# Filling Autotrail Fresh Water Tank



## jamcj191266 (Jan 10, 2012)

hi all just venturing out for the first time in my autotrail motorhome and when filling fresh water tank when 75 percent full water starts draining from blue hoses either side of tank, these are not the drain points, can anyone tell me why its doing this. 

thanks john


----------



## Chudders (Jul 5, 2008)

Sounds to me like they are just overflow and your tank is actually full. Your guage is probably inaccurate as are many in my experience of all sorts of makes
Dave


----------



## jamcj191266 (Jan 10, 2012)

i was told when bought that you fill tank until it comes out of filler cap
regard john


----------



## Bill_OR (Feb 6, 2010)

John - that doesn't sound right! I would expect there to be an overflow from the tank that happens well before the filler pipe fills up.
Bill


----------



## Bill_OR (Feb 6, 2010)

John,
Here's the page from my (yet to be received) Autotrail handbook - it's a different model to yours but I suspect the operation is the same with yours.


----------



## peribro (Sep 6, 2009)

Mine always overflows from the tank before it comes out of the filler cap - in fact it's never come out of the filler cap as I turn the hose off when it starts to overflow from the tank.

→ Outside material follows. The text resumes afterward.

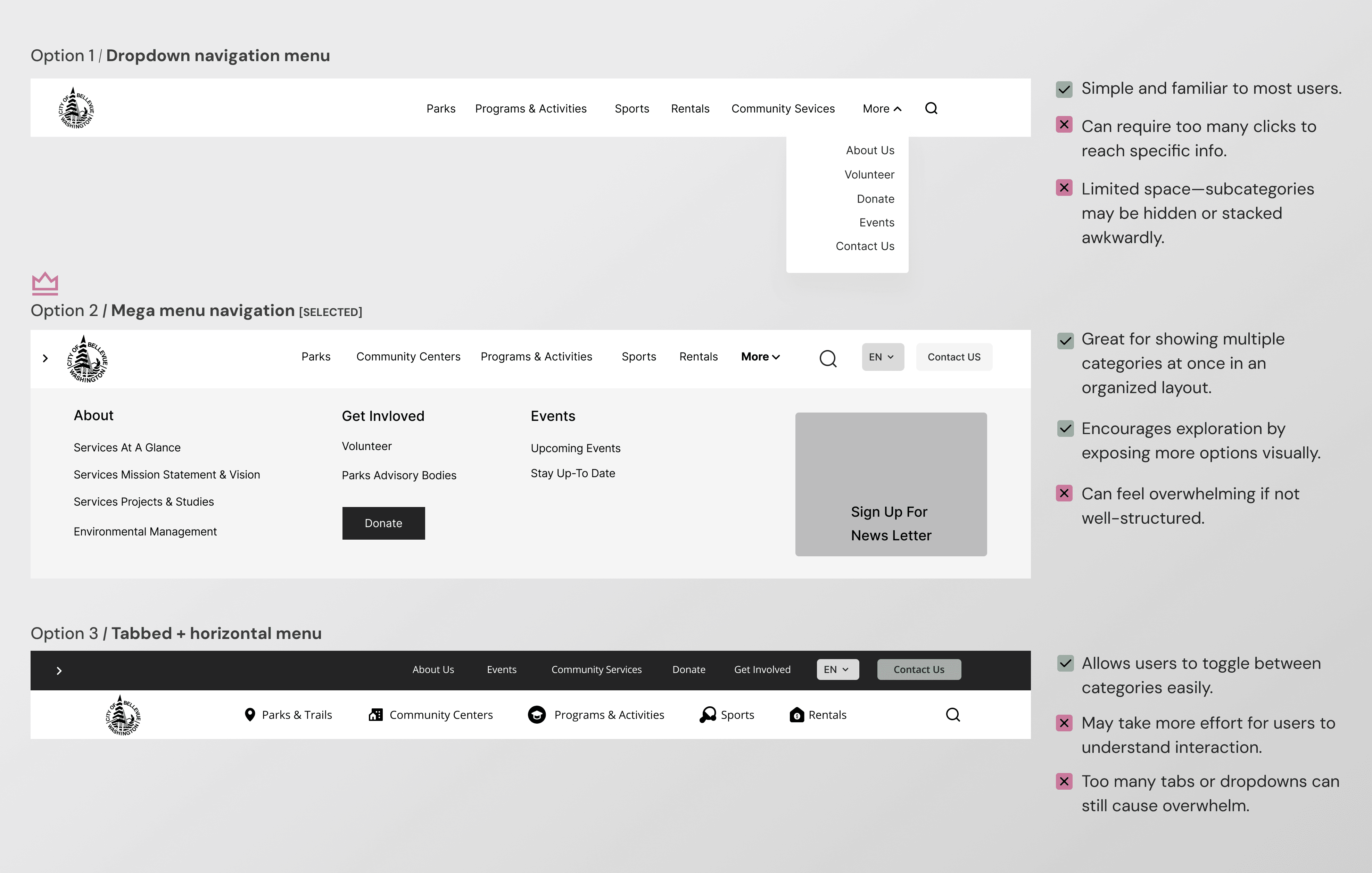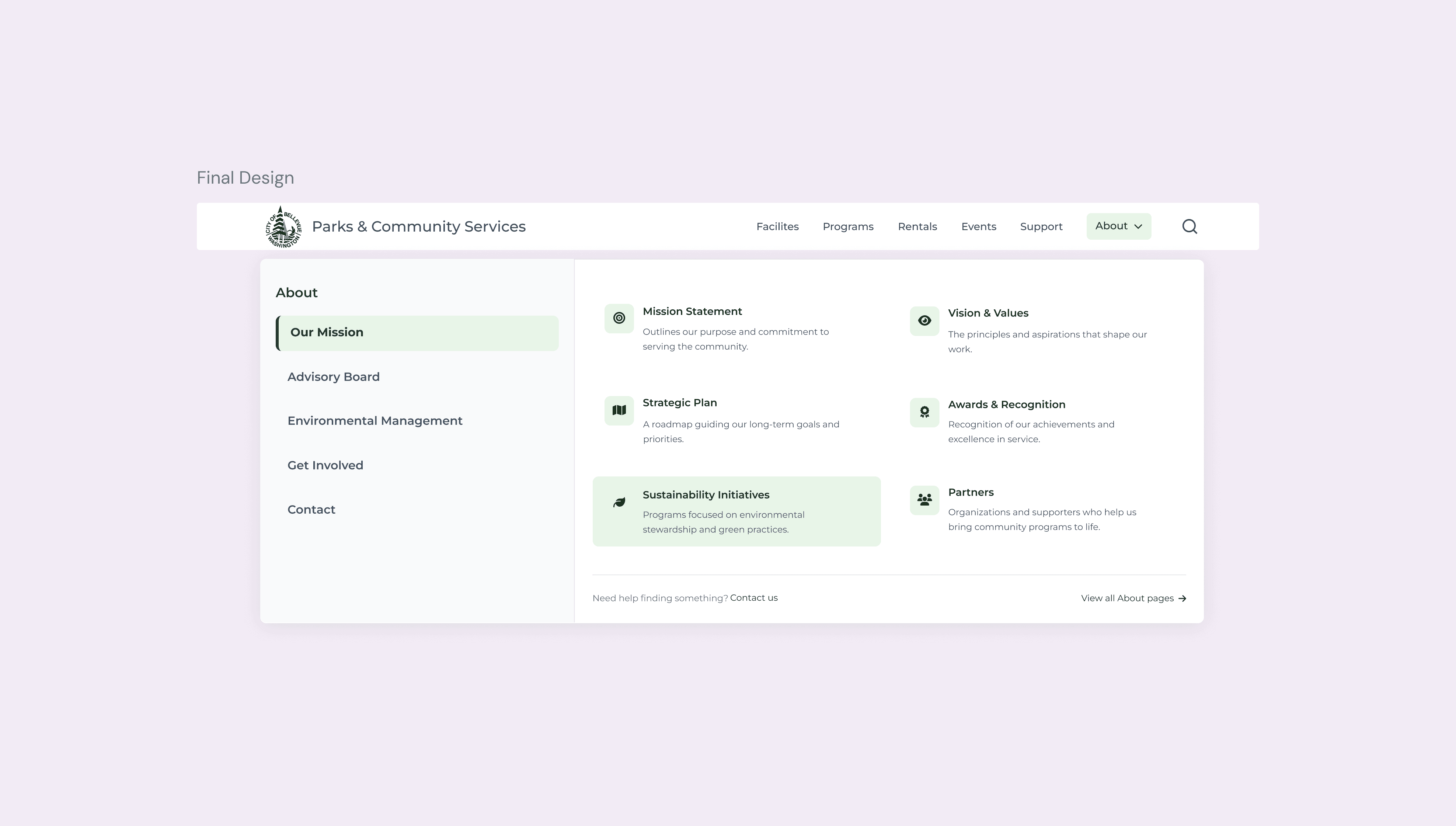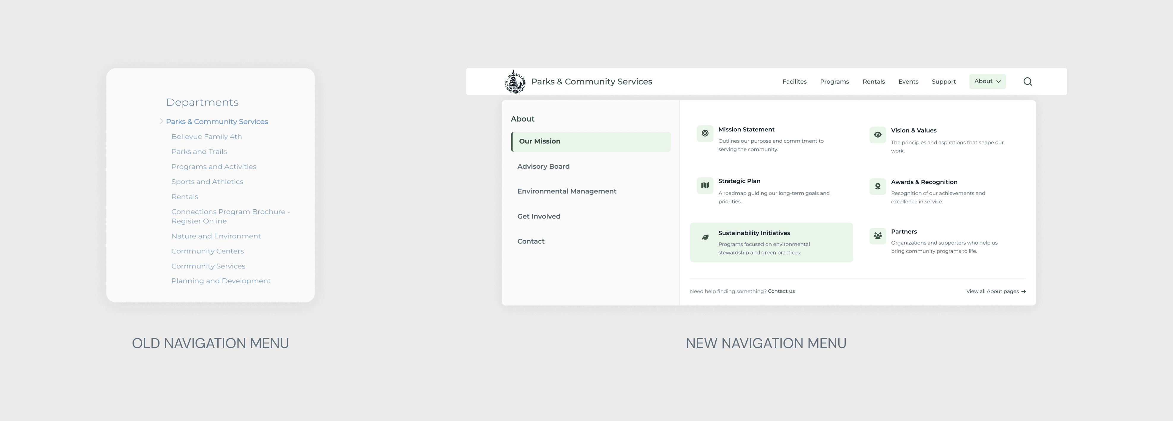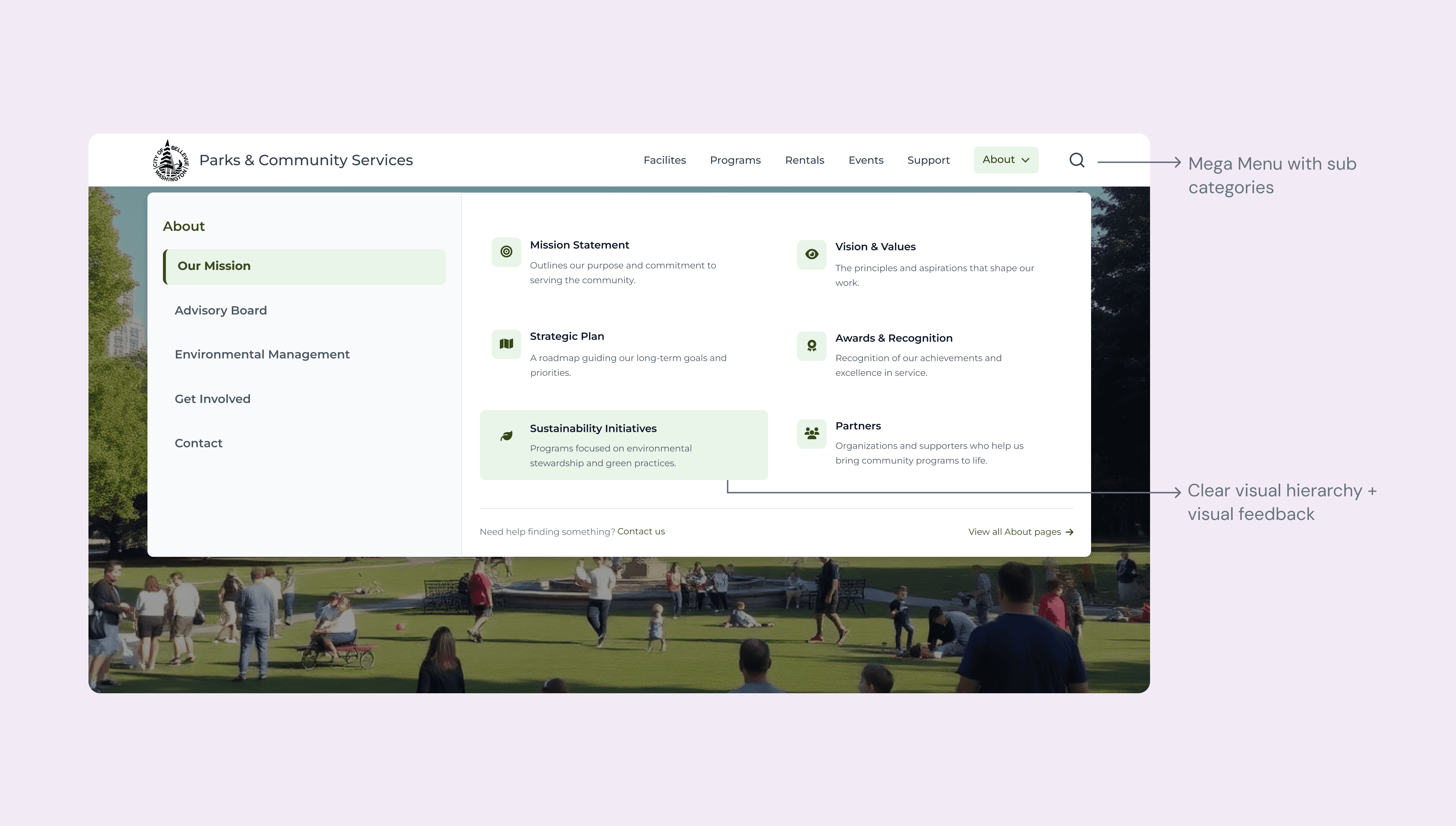 I chose a mega menu option to accommodate the broad and diverse offerings on the Parks and Community Services website—ranging from programs and facilities to permits and events.

I also would guess that its a faulty gauge. Maybe something is sticking and after a drive in the van it will clear. Next time you fill up (assuming it is from empty) you could try using a 10 litre watering can or equivalent to measure how much water you are putting in. I bet you will find you fill the tank to its stated capacity before it overflows. If the gauge still shows 75% then you know where your problem is.


----------



## Pudsey_Bear (Sep 25, 2008)

We have always filled til it comes out of the filler point on our last 3 vans all of different makes.


----------



## Katie5585 (Oct 27, 2021)

Hi 
I live in New Zealand, i have an autotrail grand frontier, i blocked off three water tanks overflows and then i put a inline tap on the end of the fourth overflow, i open the tap before i fill the tank,it lets the air out ,when it overflows from the tap i close the tap water tank is full no syphoning
Cheers 
Richard


----------



## GMJ (Jun 24, 2014)

A 9 year gap between replies!

is this a new record?


----------



## EJB (Aug 25, 2007)

GMJ said:


> A 9 year gap between replies!
> 
> is this a new record?


Sadly...No!


----------